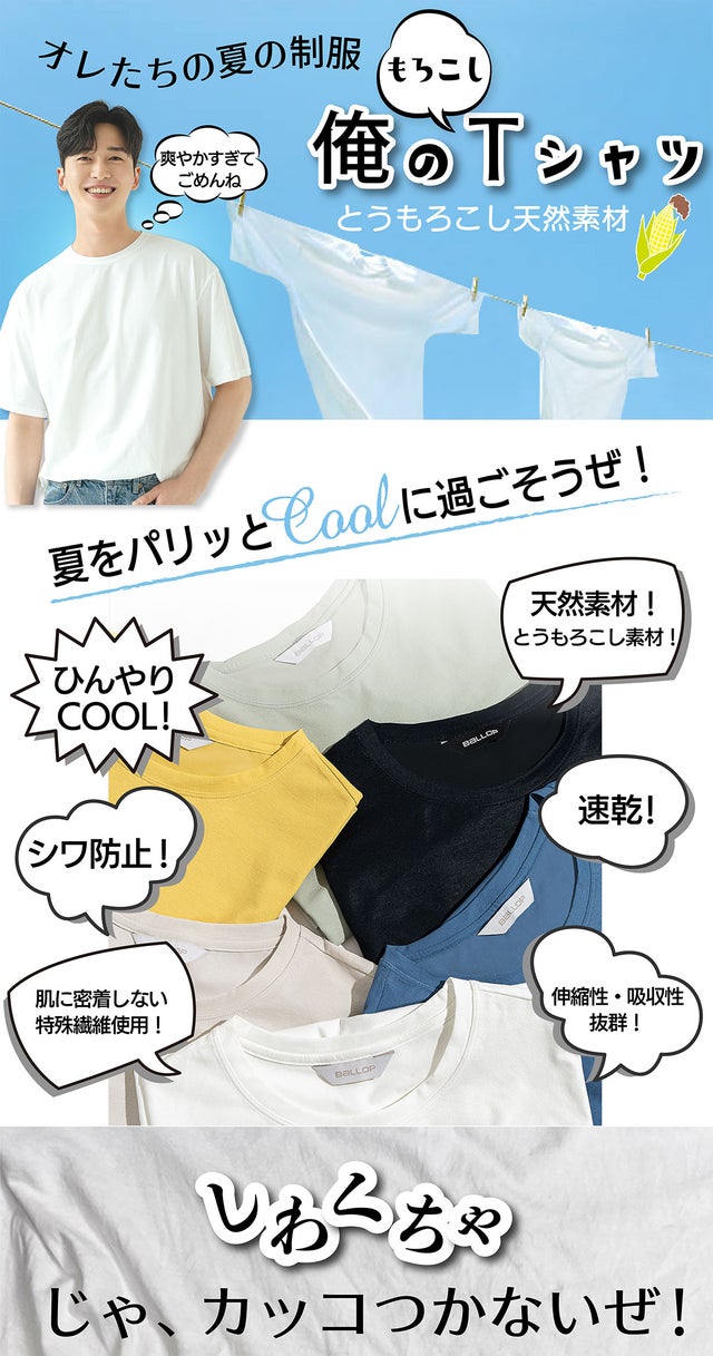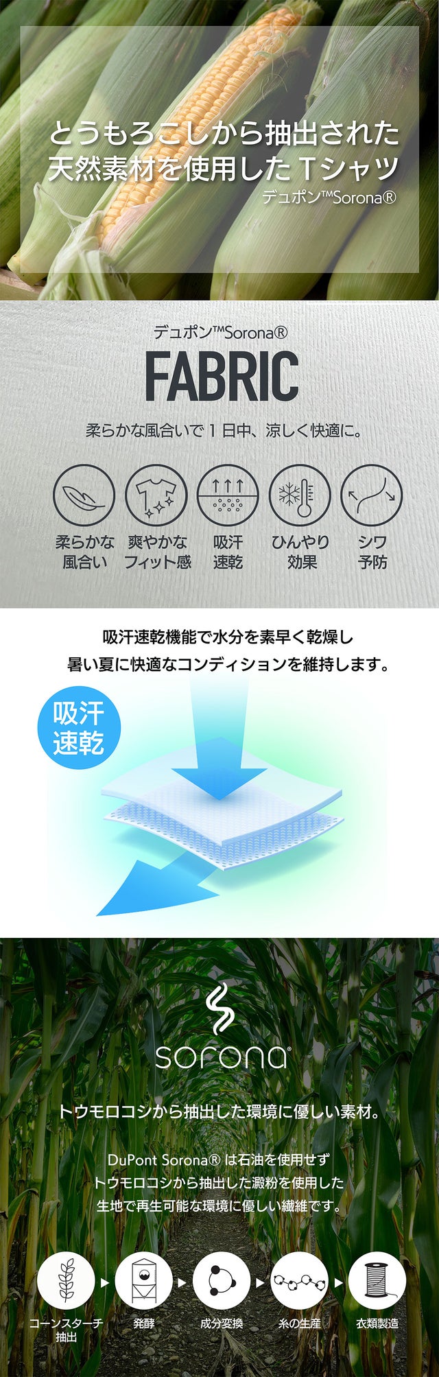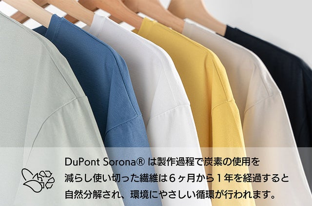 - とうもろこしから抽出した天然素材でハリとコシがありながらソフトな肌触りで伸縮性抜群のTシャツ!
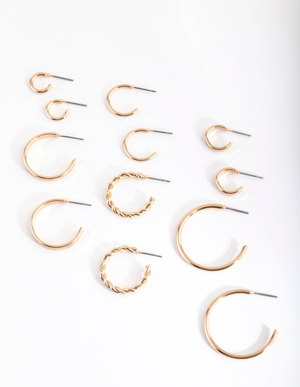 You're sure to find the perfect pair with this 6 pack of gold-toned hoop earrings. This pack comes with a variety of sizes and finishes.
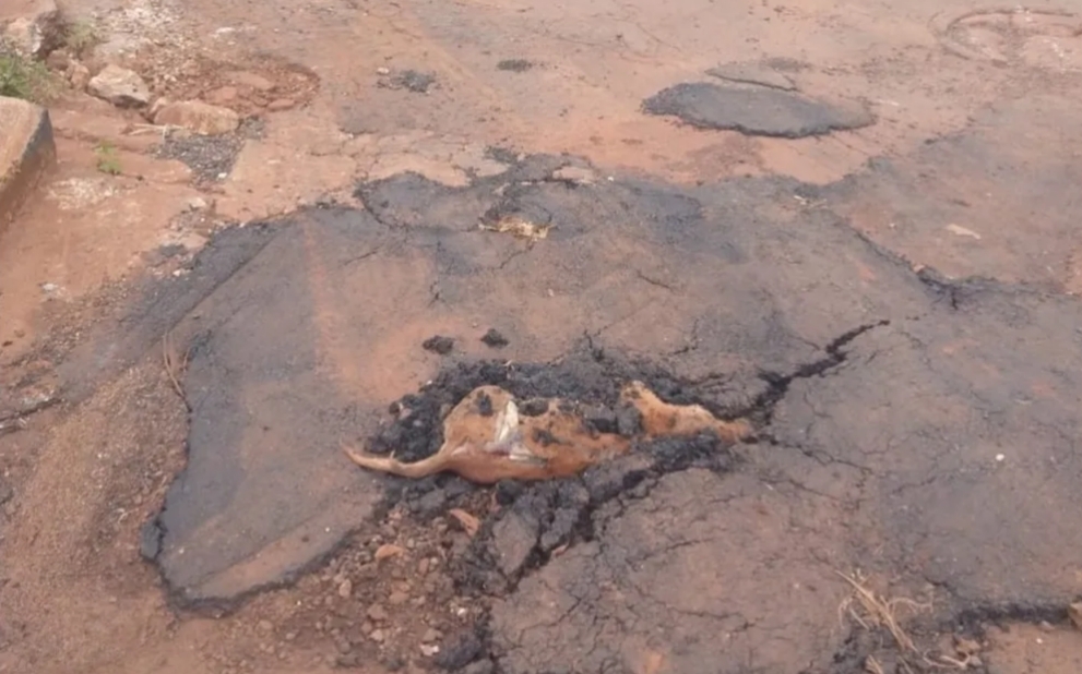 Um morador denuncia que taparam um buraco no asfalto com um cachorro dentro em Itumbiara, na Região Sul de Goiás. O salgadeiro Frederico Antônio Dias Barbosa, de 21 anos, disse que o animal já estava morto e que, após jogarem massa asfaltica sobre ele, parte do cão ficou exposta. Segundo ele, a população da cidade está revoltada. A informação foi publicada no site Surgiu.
····················
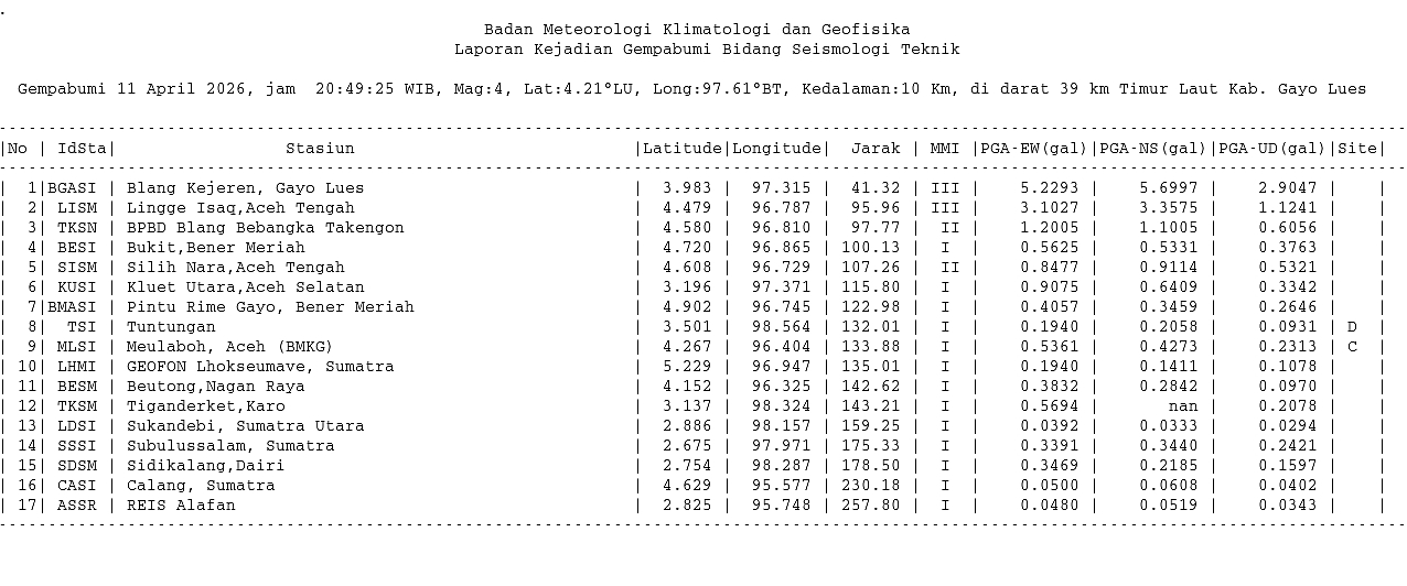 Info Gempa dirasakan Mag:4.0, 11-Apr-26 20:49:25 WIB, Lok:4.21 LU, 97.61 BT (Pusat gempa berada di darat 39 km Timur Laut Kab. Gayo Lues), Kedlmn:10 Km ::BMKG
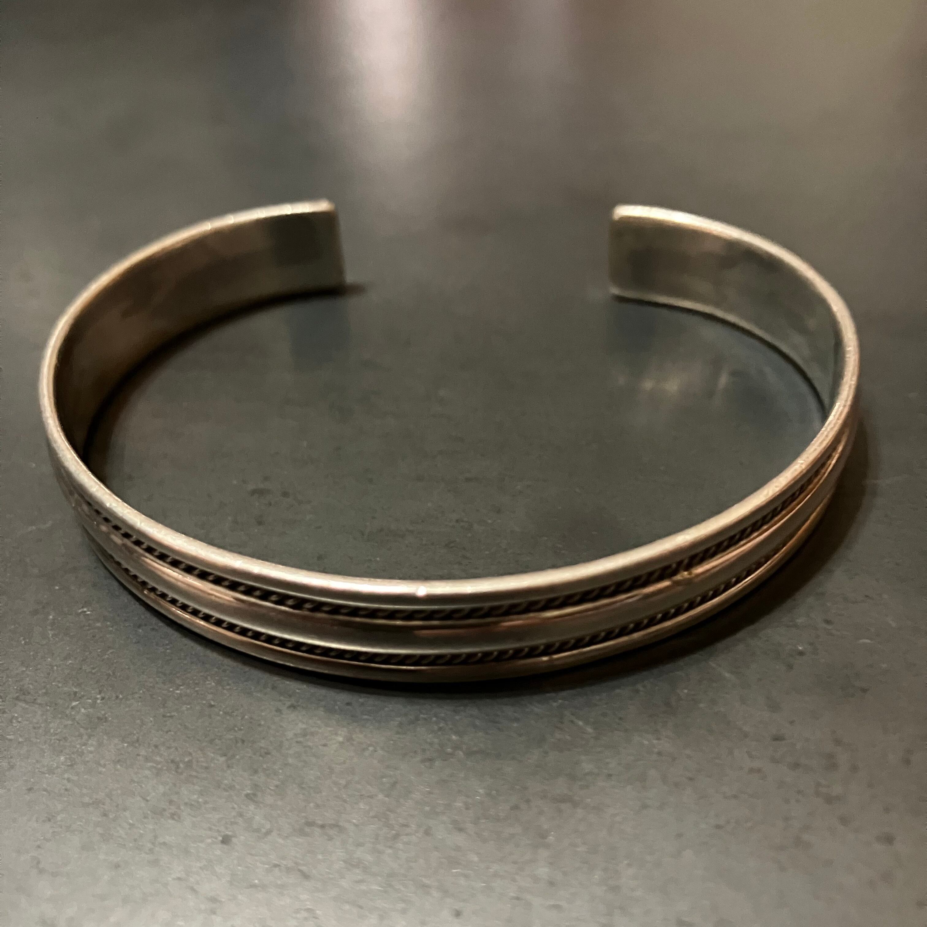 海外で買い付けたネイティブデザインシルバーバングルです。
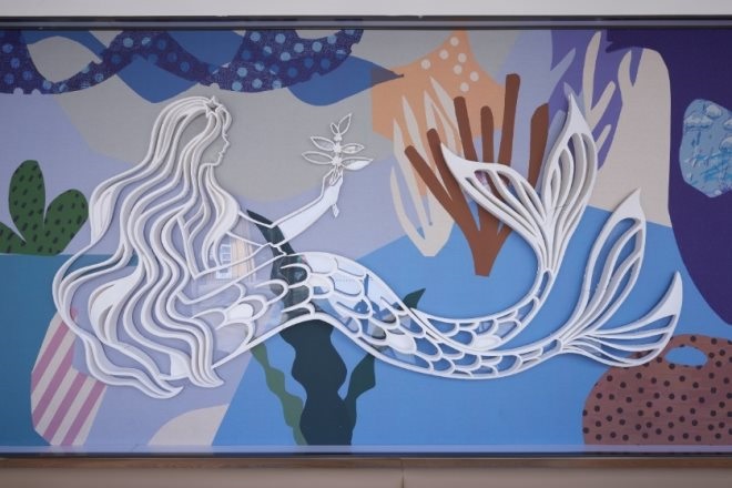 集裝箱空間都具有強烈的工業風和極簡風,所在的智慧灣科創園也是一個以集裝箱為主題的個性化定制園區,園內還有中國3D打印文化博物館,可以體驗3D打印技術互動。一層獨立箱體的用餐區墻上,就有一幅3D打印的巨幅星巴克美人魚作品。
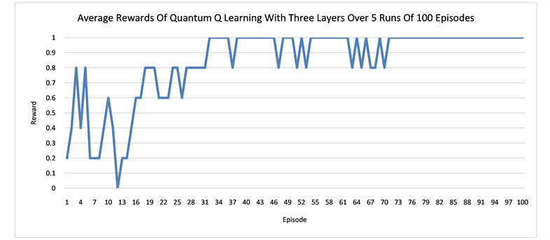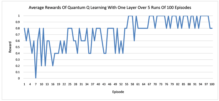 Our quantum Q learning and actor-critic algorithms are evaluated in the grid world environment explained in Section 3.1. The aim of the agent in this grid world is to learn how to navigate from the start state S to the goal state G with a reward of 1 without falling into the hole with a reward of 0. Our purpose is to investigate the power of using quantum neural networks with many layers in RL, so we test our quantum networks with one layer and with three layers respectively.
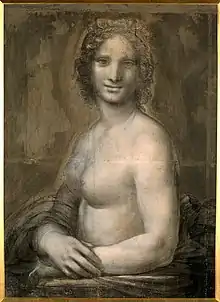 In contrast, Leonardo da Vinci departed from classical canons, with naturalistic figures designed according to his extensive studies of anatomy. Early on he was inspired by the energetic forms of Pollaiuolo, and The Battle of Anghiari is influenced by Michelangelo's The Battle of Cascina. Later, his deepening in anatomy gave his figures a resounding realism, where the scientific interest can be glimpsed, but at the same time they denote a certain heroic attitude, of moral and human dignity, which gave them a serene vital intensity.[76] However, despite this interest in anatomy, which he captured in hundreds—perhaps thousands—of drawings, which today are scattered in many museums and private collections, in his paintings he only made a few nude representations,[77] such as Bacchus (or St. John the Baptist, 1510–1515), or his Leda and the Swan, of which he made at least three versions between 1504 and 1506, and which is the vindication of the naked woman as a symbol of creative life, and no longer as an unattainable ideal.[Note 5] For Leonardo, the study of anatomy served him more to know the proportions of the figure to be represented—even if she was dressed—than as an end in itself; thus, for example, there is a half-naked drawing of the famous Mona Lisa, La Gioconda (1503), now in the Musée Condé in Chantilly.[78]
····················
### [Exercise directions]
Would you transcribe the lines above exactly, going from the line bearing "集裝箱空間都具有強烈的工業風" through the line bearing "Our quantum Q", and drop the pictures from the copy?

### [Exercise output]
 集裝箱空間都具有強烈的工業風和極簡風,所在的智慧灣科創園也是一個以集裝箱為主題的個性化定制園區,園內還有中國3D打印文化博物館,可以體驗3D打印技術互動。一層獨立箱體的用餐區墻上,就有一幅3D打印的巨幅星巴克美人魚作品。
 Our quantum Q learning and actor-critic algorithms are evaluated in the grid world environment explained in Section 3.1. The aim of the agent in this grid world is to learn how to navigate from the start state S to the goal state G with a reward of 1 without falling into the hole with a reward of 0. Our purpose is to investigate the power of using quantum neural networks with many layers in RL, so we test our quantum networks with one layer and with three layers respectively.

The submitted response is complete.